*** EXTRACTED ENTRIES Section Begins ***
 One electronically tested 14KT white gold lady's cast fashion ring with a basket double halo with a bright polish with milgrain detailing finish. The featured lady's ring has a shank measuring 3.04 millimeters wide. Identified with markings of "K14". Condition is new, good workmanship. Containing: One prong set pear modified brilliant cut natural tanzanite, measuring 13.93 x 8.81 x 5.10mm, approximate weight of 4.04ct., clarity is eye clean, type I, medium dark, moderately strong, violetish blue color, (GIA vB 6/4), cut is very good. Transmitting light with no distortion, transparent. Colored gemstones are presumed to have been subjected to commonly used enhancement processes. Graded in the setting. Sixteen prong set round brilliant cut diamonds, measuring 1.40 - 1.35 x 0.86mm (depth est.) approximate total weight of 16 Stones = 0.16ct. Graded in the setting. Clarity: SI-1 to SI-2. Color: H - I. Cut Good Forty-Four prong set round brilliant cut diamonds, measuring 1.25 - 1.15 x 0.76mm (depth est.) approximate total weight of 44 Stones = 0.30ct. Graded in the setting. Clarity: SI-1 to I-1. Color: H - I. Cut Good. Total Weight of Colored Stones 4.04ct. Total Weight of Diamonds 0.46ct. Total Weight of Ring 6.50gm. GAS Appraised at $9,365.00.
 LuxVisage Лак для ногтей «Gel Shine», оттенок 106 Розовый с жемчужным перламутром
*** EXTRACTED ENTRIES Section Ends ***
*** EXTRACTED ENTRIES Section Begins ***
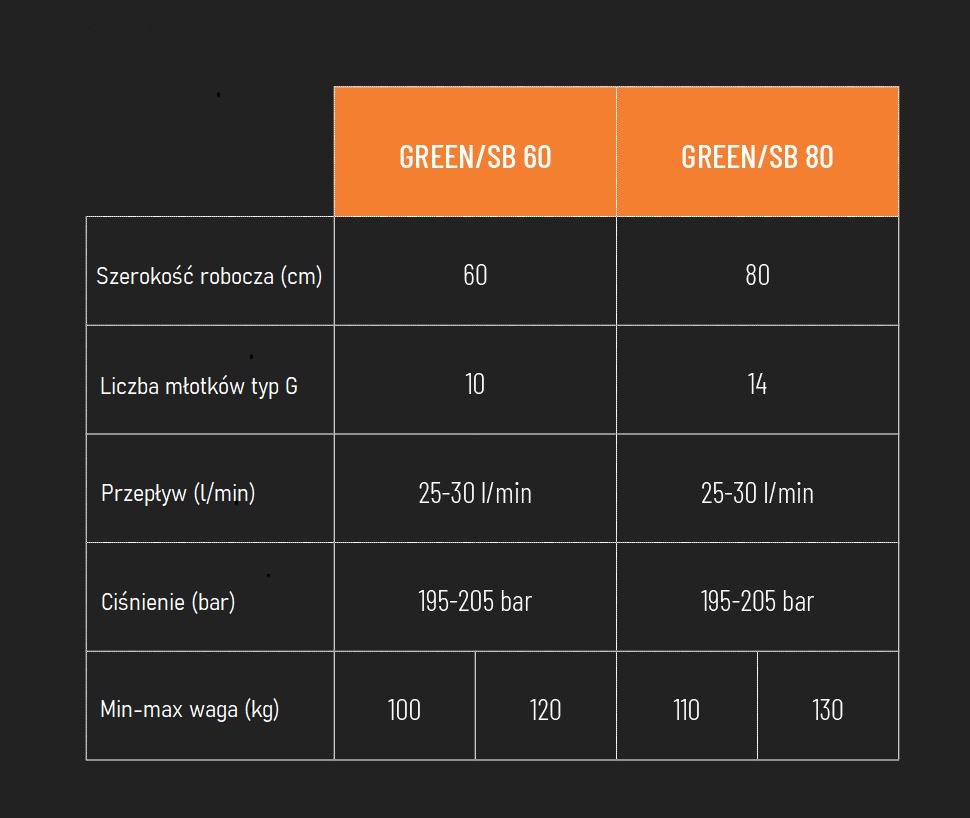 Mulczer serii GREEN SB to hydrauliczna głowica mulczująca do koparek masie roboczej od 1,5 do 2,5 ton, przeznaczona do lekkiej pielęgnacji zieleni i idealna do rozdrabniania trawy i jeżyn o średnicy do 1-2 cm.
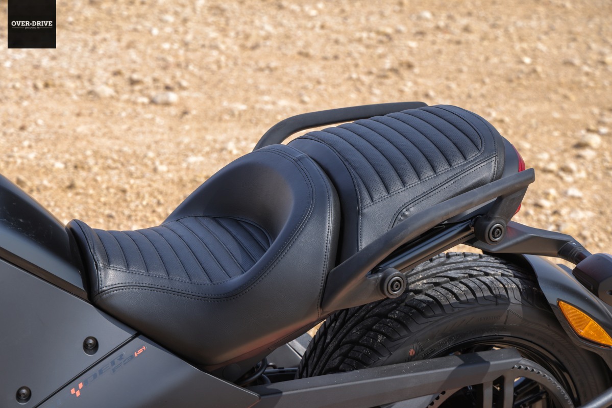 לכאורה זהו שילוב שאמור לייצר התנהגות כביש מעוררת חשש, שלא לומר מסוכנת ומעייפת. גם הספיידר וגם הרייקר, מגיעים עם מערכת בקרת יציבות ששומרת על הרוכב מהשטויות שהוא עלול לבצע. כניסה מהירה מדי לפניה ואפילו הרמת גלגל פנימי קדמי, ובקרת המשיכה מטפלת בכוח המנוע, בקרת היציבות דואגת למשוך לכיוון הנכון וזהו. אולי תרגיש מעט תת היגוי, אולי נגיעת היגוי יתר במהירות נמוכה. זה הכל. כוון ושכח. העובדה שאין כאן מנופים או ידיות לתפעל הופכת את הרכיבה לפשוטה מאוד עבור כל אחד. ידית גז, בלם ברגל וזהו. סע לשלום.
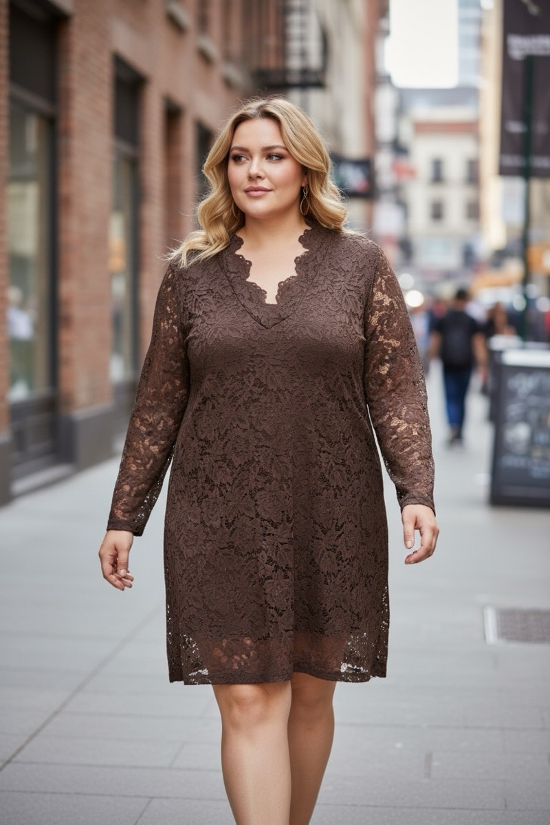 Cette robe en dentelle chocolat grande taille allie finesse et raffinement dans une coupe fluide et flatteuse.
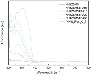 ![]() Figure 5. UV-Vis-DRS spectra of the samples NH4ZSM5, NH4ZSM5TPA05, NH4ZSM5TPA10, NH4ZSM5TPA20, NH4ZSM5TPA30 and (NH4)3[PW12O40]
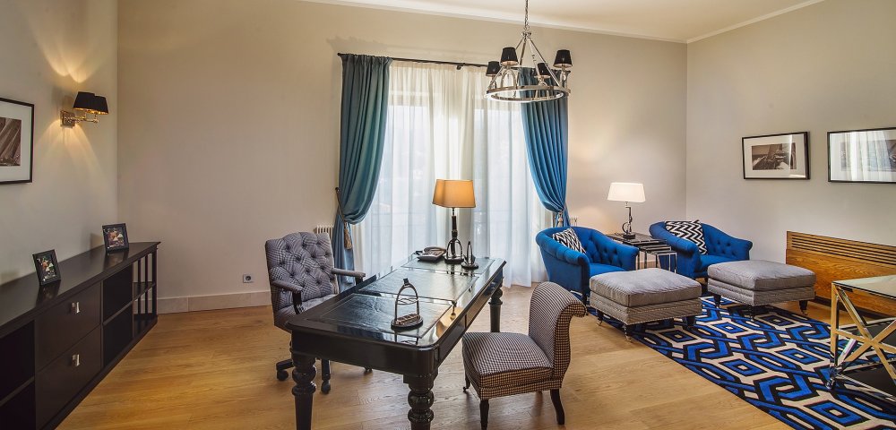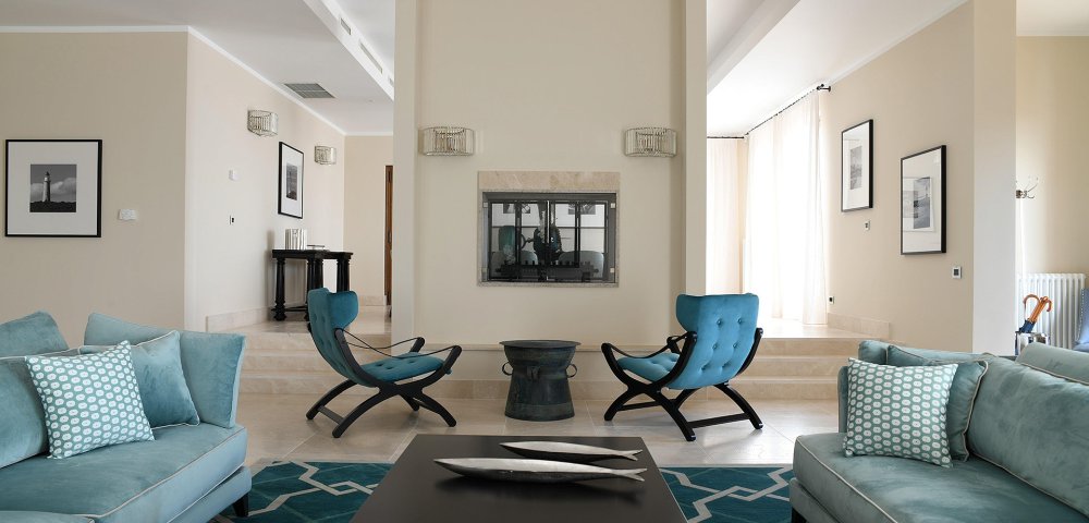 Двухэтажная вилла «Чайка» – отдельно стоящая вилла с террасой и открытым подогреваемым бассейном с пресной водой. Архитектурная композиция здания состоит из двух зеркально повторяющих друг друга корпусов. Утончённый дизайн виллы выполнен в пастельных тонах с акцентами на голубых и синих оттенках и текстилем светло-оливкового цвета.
*** EXTRACTED ENTRIES Section Ends ***
> **HOW TO COMPLETE THIS TASK**
Pictures do not belong in the answer. Return the lines above starting at the one with "Mulczer serii GREEN" and ending at the one with "Cette robe en", both kept, exactly.

> **OUTPUT FOR THIS EXERCISE**
 Mulczer serii GREEN SB to hydrauliczna głowica mulczująca do koparek masie roboczej od 1,5 do 2,5 ton, przeznaczona do lekkiej pielęgnacji zieleni i idealna do rozdrabniania trawy i jeżyn o średnicy do 1-2 cm.
 לכאורה זהו שילוב שאמור לייצר התנהגות כביש מעוררת חשש, שלא לומר מסוכנת ומעייפת. גם הספיידר וגם הרייקר, מגיעים עם מערכת בקרת יציבות ששומרת על הרוכב מהשטויות שהוא עלול לבצע. כניסה מהירה מדי לפניה ואפילו הרמת גלגל פנימי קדמי, ובקרת המשיכה מטפלת בכוח המנוע, בקרת היציבות דואגת למשוך לכיוון הנכון וזהו. אולי תרגיש מעט תת היגוי, אולי נגיעת היגוי יתר במהירות נמוכה. זה הכל. כוון ושכח. העובדה שאין כאן מנופים או ידיות לתפעל הופכת את הרכיבה לפשוטה מאוד עבור כל אחד. ידית גז, בלם ברגל וזהו. סע לשלום.
 Cette robe en dentelle chocolat grande taille allie finesse et raffinement dans une coupe fluide et flatteuse.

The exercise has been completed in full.